According to a preferred embodiment of the microfluidic apparatus according to the present invention, the temperature can be controlled, but most preferably in the temperature range of about 37 ° C to about 42 ° C. The reason is that different cell objects have different optimum temperatures, so it is preferable to carry out the method according to the invention at the optimum temperature for the cell object to be tested. For example, in the case of infectious diseases, the body temperature of various organisms is different, so it is worth conducting tests on bacteria that attack individual organisms at this temperature (body temperature). This temperature is self-evident to those skilled in the art. For example, it is worth conducting the test at 42 ° C for chickens and 37 ° C for human infectious diseases. The ability to control the temperature also makes it possible to obtain a more accurate image of the effect of the test compound in the present invention, as keeping the cell object to be tested at a predetermined temperature will allow it to multiply. It is a preferable feature, that is, an advantage for such a microfluidic device. For example, in the case of the effect of an antibiotic exerted on a bacterium, this is particularly preferred as the effect of the antibiotic occurs very quickly by maintaining the optimum growth temperature of the bacterium. The reason for this is that the effect of antibiotics is that they prevent the formation of new cell walls as the bacterium grows. This means that the new bacteria that produce undergo cell lysis, which can be easily identified using spectrophotometry.
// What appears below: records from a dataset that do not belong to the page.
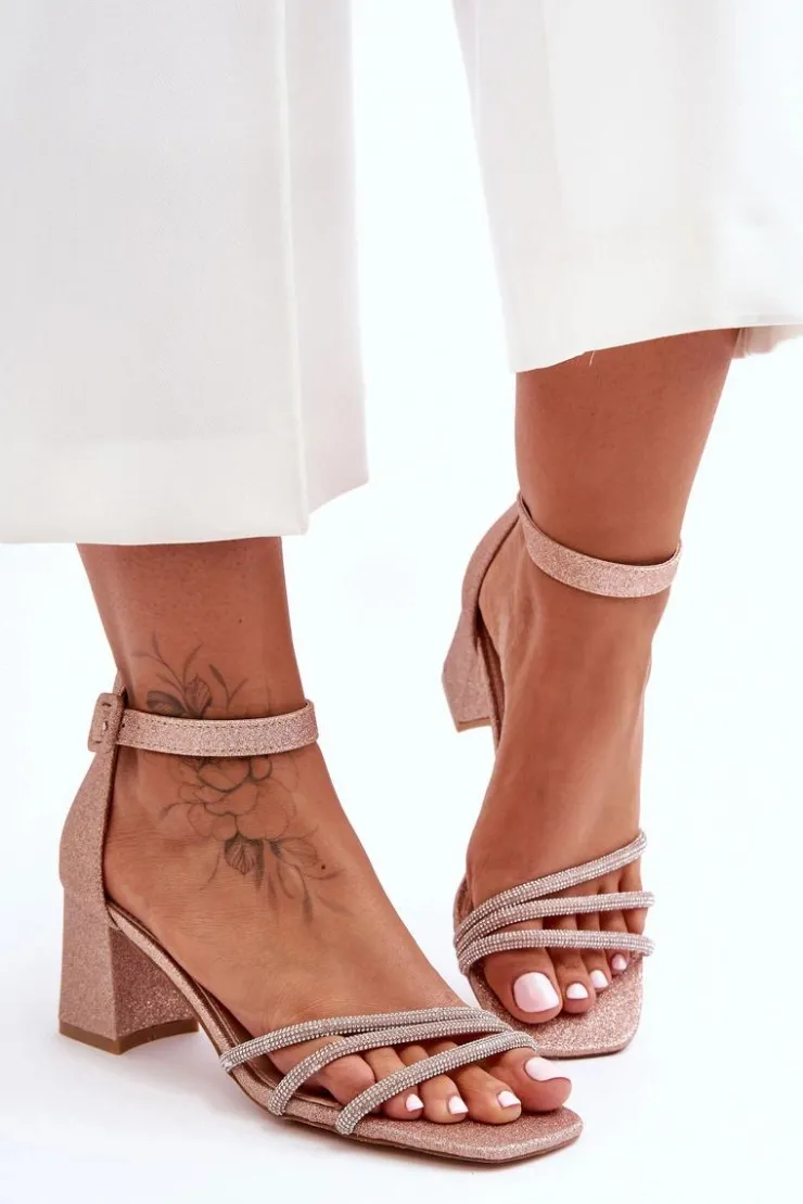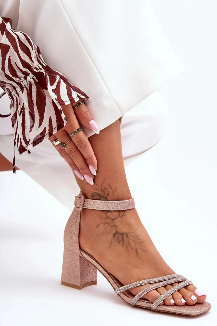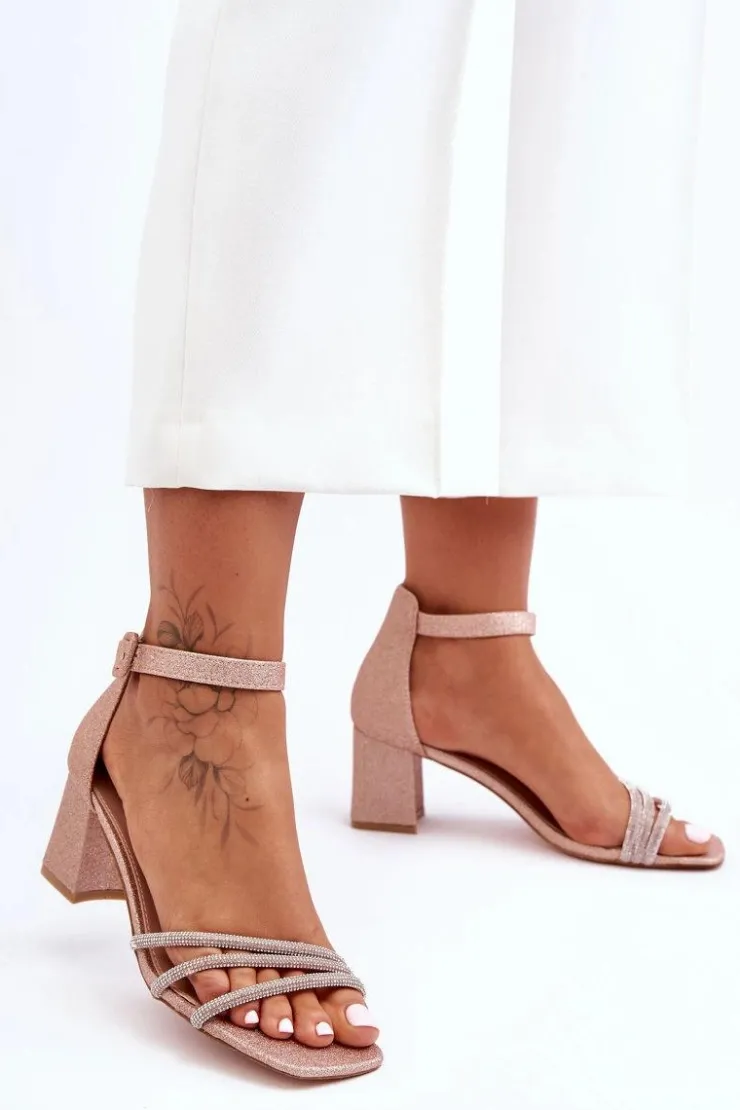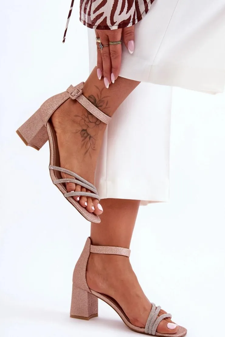 Klasyczne, błyszczące damskie sandałki na niskim obcasie w postaci słupka. Z przodu zdobione małymi cyrkoniami. Zapinane wokół kostki na regulowany pasek ze sprzączką. Idealne na różnego rodzaju imprezy! Koniecznie powinnaś je mieć w swojej szafie! Przy wyborze rozmiaru prosimy kierować tabelą rozmiarów.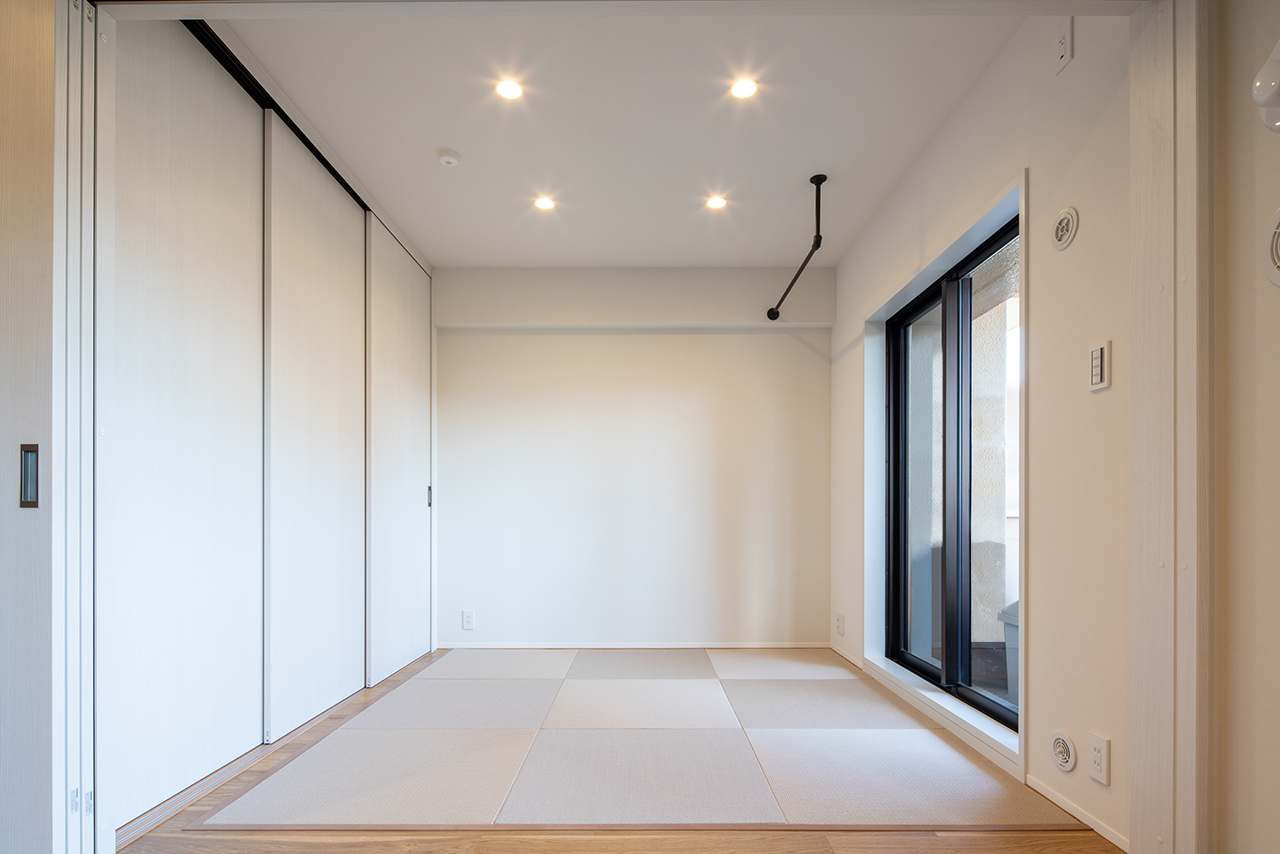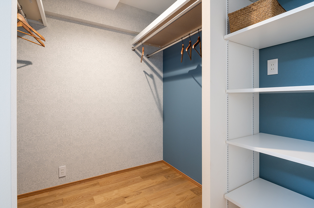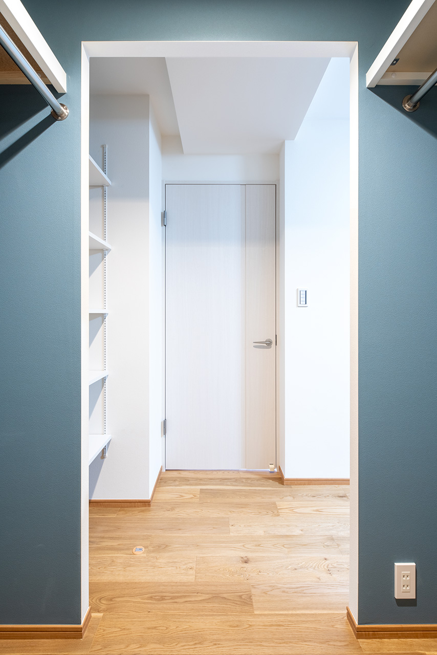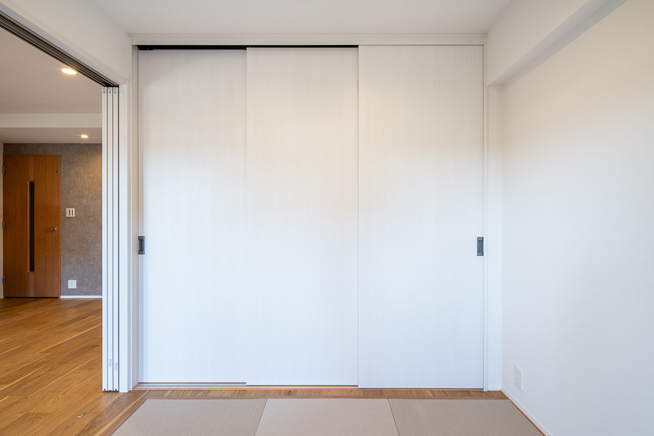 和室を縮小して生まれたスペースと洋室の一部を組み合わせ、約2畳のウォークインクローゼットを新設。洋室側の既存開口を活かしたダイレクトな動線で、収納物が取り出しやすく、気軽に使える空間となりました。リビングからもアクセスでき、普段の片付けもスムーズです。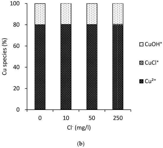 Accordingly, silver disinfection of microorganisms was decreased by concentrations of chloride ion exceeding 25 mg/L [7]. Bacterial disinfection by silver chloride complexes was three times less than that by silver ion alone at 2.8 μM concentration of silver [20]. This figure (Figure 3) shows that silver ions are the only species present in the absence of chloride ions. The silver ion component was changed to 61%, 22%, and 4% with chloride ion concentrations of 10 mg/L, 50 mg/L, and 250 mg/L, respectively. The formation of silver chloride and silver dichloride resulted in decreased disinfection ability. Copper ion concentration was not significantly changed at the same condition (79.1% to 80.0%). This indicates that copper-embedded ceramic cubes are a better option for disinfection than silver-embedded ceramic cubes at high concentrations of chloride ions. According to the MINTEQ equilibrium model analysis, the speciation of copper was not significantly changed with the increasing concentration of chloride ions.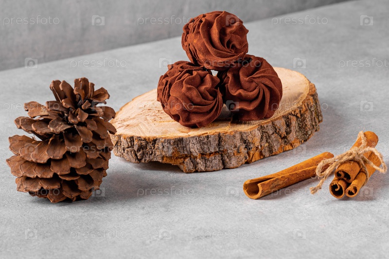 Кофе зефир с минимальным количеством сахара на сером фоне, здоровая пища. лакомство для гурманов

An inert atmosphere can also be created in the microfluidic device according to the present invention. This means that the specimen does not come into contact with air in any step. In other words, the specimen is not exposed to the action of oxygen. Of course, for this, the microfluidic device must be shut off (housing itself and / or individual components) and the introduction of gases that impart an inert atmosphere (eg, nitrogen, argon) must also be ensured. Must be. All of this belongs to the essential knowledge of those skilled in the art. The test environment in an inert atmosphere allows testing of anaerobic cell objects such as anaerobic bacteria.

Example Example 1
Examples on MS Spectrum The series of figures in FIG. 2 show the MS spectrum of bacteria identified from specimens taken from various locations. FIG. 2a shows the MS spectrum of Campylobacter jejuni in a sample derived from animal tissue, FIG. 2b shows the MS spectrum of Clostridium perfringens in a sample derived from food, and FIG. 2c shows the MS spectrum derived from human tissue. The MS spectrum of Escherichia coli in the sample of Escherichia coli is shown, and FIG. 2d shows the MS spectrum of Staphylococcus aureus in the sample derived from animal tissue. These spectra were recorded in the range of 600-900 m / z, suitable for detailed identification of phospholipids. It can be clearly seen that these spectra have a large amount of detail and are therefore suitable for displaying phospholipid fingerprints of individual bacteria.

Example 2
Examples on Raman Spectrum A series of figures in FIG. 3 show Raman spectra of E. coli, which were recorded under non-destructive conditions for the present invention. The spectrum shown in FIG. 3a was obtained with 100% intensity, 785 nm laser light, and the spectrum shown in FIG. 3b was obtained with 100% intensity, 785 nm laser light after treatment with a sulfonamide antibiotic for 20 minutes. The spectrum shown in FIG. 3c was obtained by treatment with a sulfonamide antibiotic for 30 minutes and then with 100% intensity, 785 nm laser light. It is easily acknowledged that sulfonamide antibiotic treatment significantly altered the Raman spectrum, in other words, sulfonamides are effective against E. coli. It is also observed that the peaks associated with the presence of cell objects were significantly reduced after 20 minutes of treatment, and they were further reduced after 30 minutes of sulfonamide antibiotic treatment. In other words, non-destructive Raman spectroscopy tests performed with a 785 nm laser beam can be used to clearly demonstrate the effect of sulfonamide antibiotic treatment on E. coli.

Example 3
We created a mass spectrometric database of the five bacteria that most frequently infect broiler chickens. These bacteria are: Escherichia coli, Staphylococcus aureus, Clostridium perfringens, Campylobacter jejuni and Salmonella. A total of 71 specimens from broiler chickens on livestock farms were tested. Mass spectrometry was used to accurately identify the infectious bacteria in 68 of these cases.

Example 4
Based on experience, veterinarians have selected 10 broiler chickens suspected of being infected on a livestock farm. Veterinarians performed these dissections in the morning, collected specimens from affected organs, and tested these specimens using conventional culture methods. These organs were subjected to mass spectrometry tests on the five types of bacteria described in Example 3. Tests of 10 organ specimens were performed in 3 hours, whereas evaluable results were obtained in 24-72 hours using conventional procedures. The results were the same in 95% of cases. The results are summarized in Table 1 below.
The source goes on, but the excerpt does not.